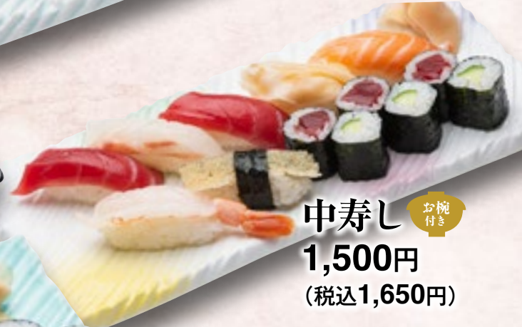
中寿し お椀付き 1,500円 (税込1,650円)
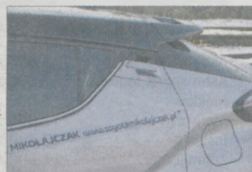
Nietypowo umiejscowiona klamka tylnych drzwi ma wielu przeciwników. Mnie jednak takie rozwiązanie odpowiadało

Konkurencję w swojej klasie ma jednak sporą, bo segment crossoverów
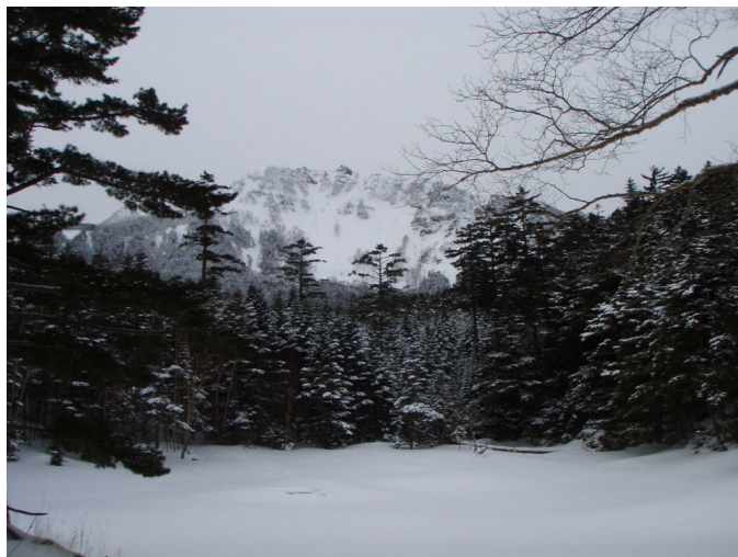
(みどり池からの天狗岳遠望)

────

▶ **EXERCISE OBJECTIVE**
Reproduce everything above exactly, images excluded.

▶ **WRITTEN RESPONSE**
中寿し お椀付き 1,500円 (税込1,650円)
Nietypowo umiejscowiona klamka tylnych drzwi ma wielu przeciwników. Mnie jednak takie rozwiązanie odpowiadało

Konkurencję w swojej klasie ma jednak sporą, bo segment crossoverów
(みどり池からの天狗岳遠望)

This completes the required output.